THE TASK: Repeat the following lines exactly and nothing else: the line containing "Photo taken with" and each line after it through the end of the listing.

□ □ □ □

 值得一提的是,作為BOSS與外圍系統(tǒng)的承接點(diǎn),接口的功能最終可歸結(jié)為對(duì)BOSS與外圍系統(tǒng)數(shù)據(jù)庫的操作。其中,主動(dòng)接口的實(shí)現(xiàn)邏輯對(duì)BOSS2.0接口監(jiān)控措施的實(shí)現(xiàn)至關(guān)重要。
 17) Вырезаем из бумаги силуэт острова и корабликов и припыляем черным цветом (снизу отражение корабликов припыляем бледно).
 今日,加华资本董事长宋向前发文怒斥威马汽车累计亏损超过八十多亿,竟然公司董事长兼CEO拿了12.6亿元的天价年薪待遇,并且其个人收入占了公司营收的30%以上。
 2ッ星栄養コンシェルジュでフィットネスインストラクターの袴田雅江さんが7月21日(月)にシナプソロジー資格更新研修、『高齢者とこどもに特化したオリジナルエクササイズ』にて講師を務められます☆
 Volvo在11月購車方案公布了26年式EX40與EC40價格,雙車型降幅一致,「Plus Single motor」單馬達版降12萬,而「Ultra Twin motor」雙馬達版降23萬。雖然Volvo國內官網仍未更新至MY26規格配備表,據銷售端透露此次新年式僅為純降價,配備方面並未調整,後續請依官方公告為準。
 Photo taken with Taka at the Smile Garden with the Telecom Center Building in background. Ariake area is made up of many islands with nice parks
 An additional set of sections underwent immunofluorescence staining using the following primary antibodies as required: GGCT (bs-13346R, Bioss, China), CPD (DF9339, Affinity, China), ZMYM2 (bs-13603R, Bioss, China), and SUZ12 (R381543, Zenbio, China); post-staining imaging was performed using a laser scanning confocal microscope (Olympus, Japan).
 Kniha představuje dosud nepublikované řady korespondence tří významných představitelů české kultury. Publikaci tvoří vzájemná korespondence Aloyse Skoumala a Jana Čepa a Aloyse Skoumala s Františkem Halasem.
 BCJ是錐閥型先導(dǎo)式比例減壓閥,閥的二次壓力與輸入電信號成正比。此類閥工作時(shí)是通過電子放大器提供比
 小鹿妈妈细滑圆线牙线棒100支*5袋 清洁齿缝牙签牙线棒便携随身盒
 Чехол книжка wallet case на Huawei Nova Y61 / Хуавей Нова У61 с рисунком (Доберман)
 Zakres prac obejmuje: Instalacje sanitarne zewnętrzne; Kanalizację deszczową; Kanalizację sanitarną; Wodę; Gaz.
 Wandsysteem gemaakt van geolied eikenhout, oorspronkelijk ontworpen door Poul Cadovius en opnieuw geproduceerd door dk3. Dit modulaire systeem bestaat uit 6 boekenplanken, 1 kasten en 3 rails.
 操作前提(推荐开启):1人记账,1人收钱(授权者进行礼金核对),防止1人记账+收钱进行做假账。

□ □ □ □

WRITTEN REPLY:
 Photo taken with Taka at the Smile Garden with the Telecom Center Building in background. Ariake area is made up of many islands with nice parks
 An additional set of sections underwent immunofluorescence staining using the following primary antibodies as required: GGCT (bs-13346R, Bioss, China), CPD (DF9339, Affinity, China), ZMYM2 (bs-13603R, Bioss, China), and SUZ12 (R381543, Zenbio, China); post-staining imaging was performed using a laser scanning confocal microscope (Olympus, Japan).
 Kniha představuje dosud nepublikované řady korespondence tří významných představitelů české kultury. Publikaci tvoří vzájemná korespondence Aloyse Skoumala a Jana Čepa a Aloyse Skoumala s Františkem Halasem.
 BCJ是錐閥型先導(dǎo)式比例減壓閥,閥的二次壓力與輸入電信號成正比。此類閥工作時(shí)是通過電子放大器提供比
 小鹿妈妈细滑圆线牙线棒100支*5袋 清洁齿缝牙签牙线棒便携随身盒
 Чехол книжка wallet case на Huawei Nova Y61 / Хуавей Нова У61 с рисунком (Доберман)
 Zakres prac obejmuje: Instalacje sanitarne zewnętrzne; Kanalizację deszczową; Kanalizację sanitarną; Wodę; Gaz.
 Wandsysteem gemaakt van geolied eikenhout, oorspronkelijk ontworpen door Poul Cadovius en opnieuw geproduceerd door dk3. Dit modulaire systeem bestaat uit 6 boekenplanken, 1 kasten en 3 rails.
 操作前提(推荐开启):1人记账,1人收钱(授权者进行礼金核对),防止1人记账+收钱进行做假账。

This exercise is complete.